REGISTRE POLEMIQUE (dénonciation de la corruption).

● Comique de caractère : Roi impulsif, dynamique (répliques brèves et rapides), violent (champ lexical de
la violence vu ds le comique de situation), autoritaire (impératifs), capricieux (comportement d'enfant),
cupide (champ lexical de l'argent : « enrichir », « revenus », « trois millions de rixdales », « revenus »,
« je m'enrichis », « m'enrichir », « j'aurai tous les biens », « je veux garder pour moi la moitié des
impôts », « j'irai […] recueillir les impôts » + « MA liste de MES biens » → insistance), impitoyable, qui
veut se mêler de tout (justice, finances), hyperactif (le dernier vers = summum du ridicule, Père Ubu
donne l'image d'un homme de pouvoir très agité). La Reine est soit passive (crainte ?), soit complice (elle
fait office de femme tyran). Les Magistrats, les Nobles et les Financiers n'ont pas d'identité, ils sont
seulement désignés par leur fonction, ils parlent souvent d'une même voix (ils ont tous le même caractère
et donc les mêmes intérêts) aux v.7, 49, 65, 68... Ils n'opposent cependant aucune résistance au roi.
REGISTRE POLEMIQUE (dénonciation de la tyrannie et de la passivité).

● Comique de geste : 5 didascalies qui signalent l'agitation → « On pousse brutalement les Nobles », « Il
le prend avec le crochet et le passe dans le trou », « On empile les Nobles dans la trappe », « Ils se
débattent en vain », « On enfourne les financiers ». Cette agitation sur scène est renforcée par l'agitation
de Père Ubu (phrases exclamatives dans tout le texte).

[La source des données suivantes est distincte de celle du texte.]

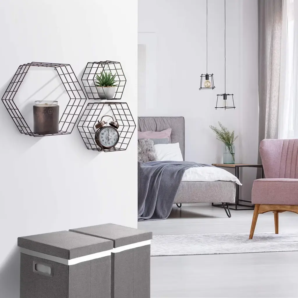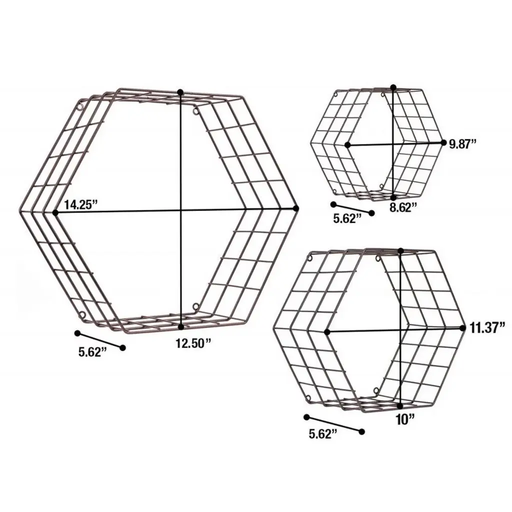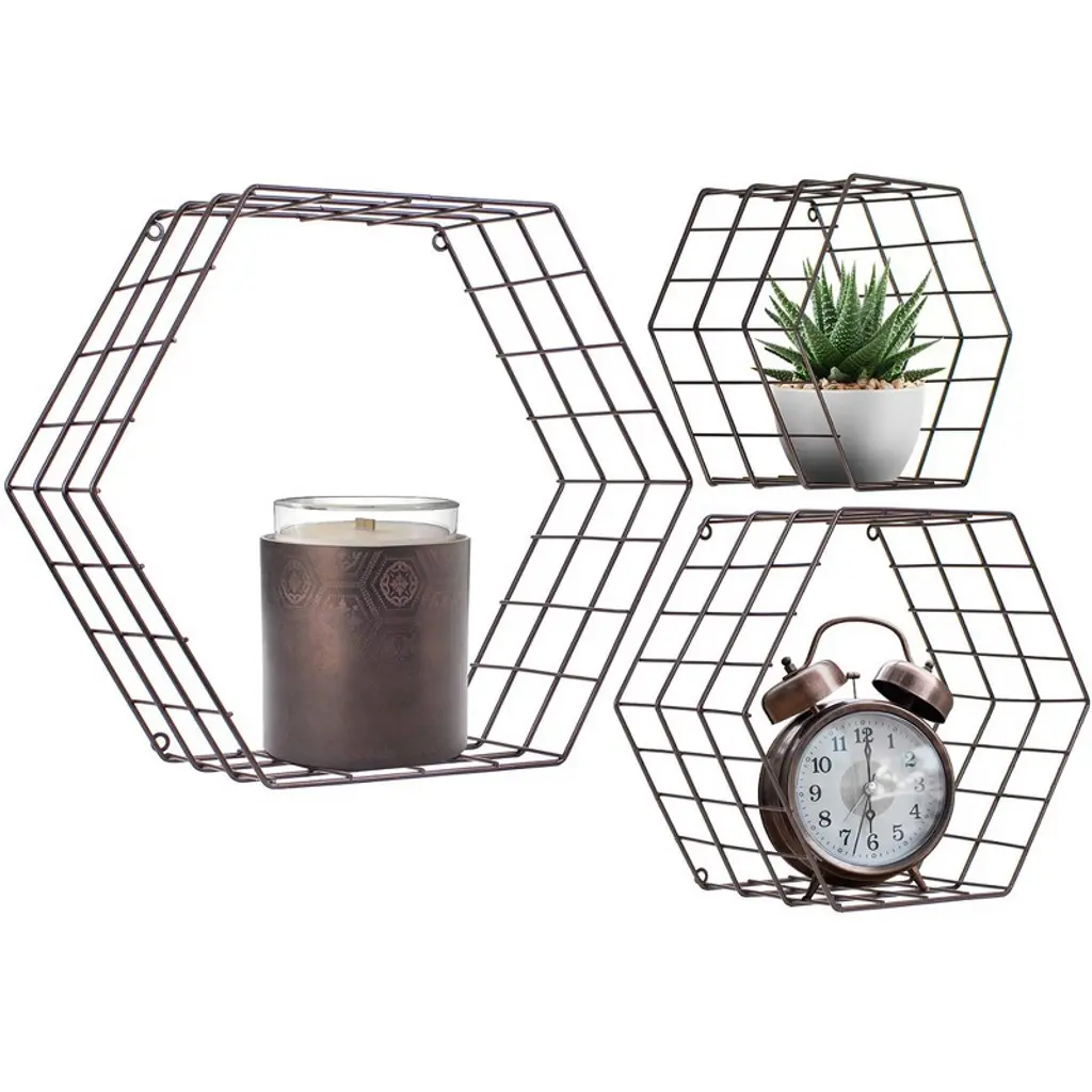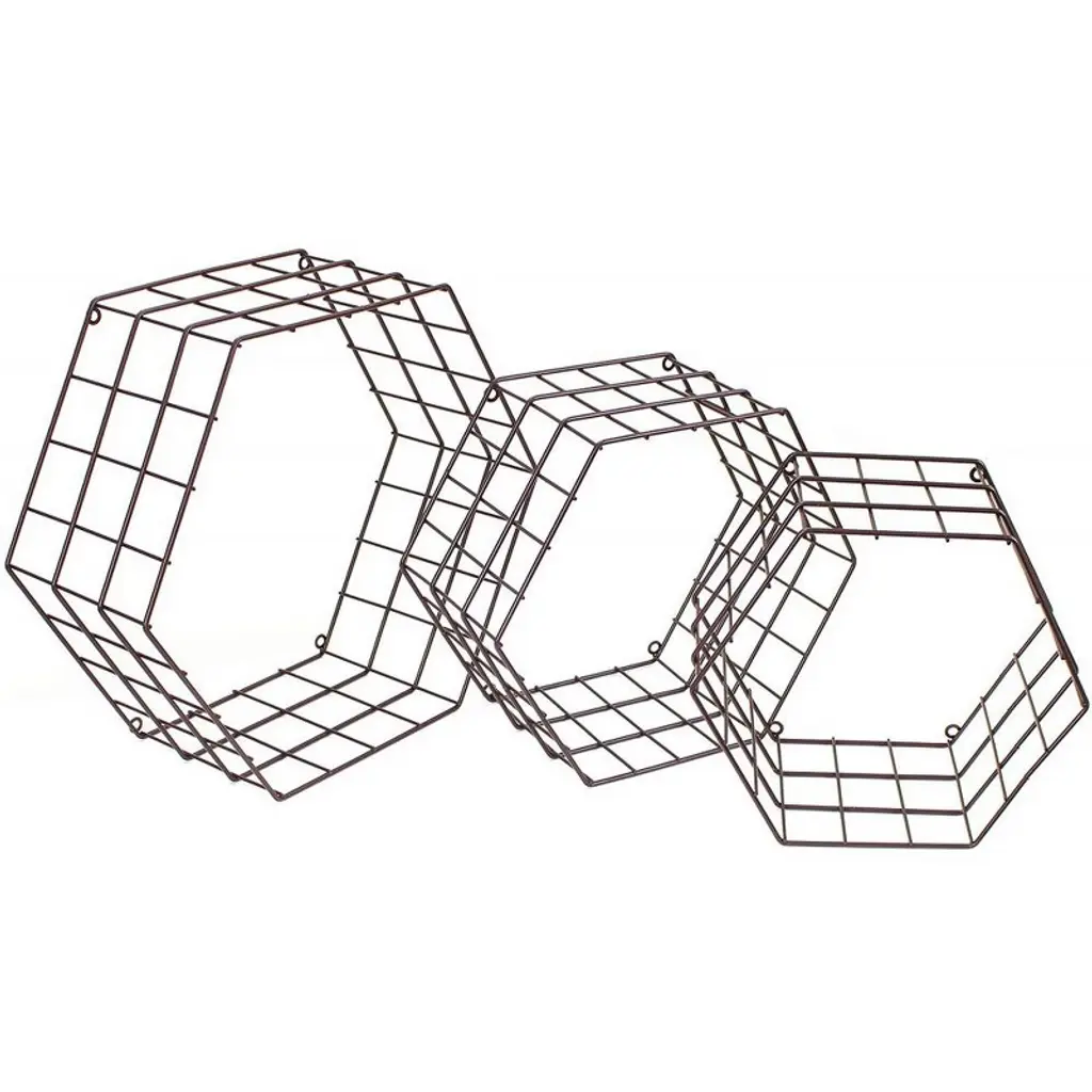 Sorbus Metal Wire Hexagon Design Wall Mounted Floating Shelves, Set Of 3 - Bronze

● Comique de répétition : Répétition de trois scènes de massacre. Paradoxal : les massacres font rire.
Nous avons affaire à un renouvellement de la représentation de la mort : la mort devient comique. Elle est
expliquée et vue sur scène, elle n'est plus implicite et dissimulée aux spectateurs : il s'agit d'une rupture
avec les règles du théâtre classique. Répétition de mots : « Noble(s) » et « trappe ». Toujours les mêmes
questions posées par Père Ubu qui reviennent lorsqu'il s'adresse aux Nobles : ces questions tournent
autour de l'argent, invariablement. Répétition des réactions des Nobles, Magistrats et Financiers : ils sont
indignés et effrayés. Cependant, les financiers ne se débattent pas, ils connaissent leur sort → ils n'ont
aucun courage, ce qui renforce l'aspect tyrannique d'Ubu et la faiblesse des membres de la Cour.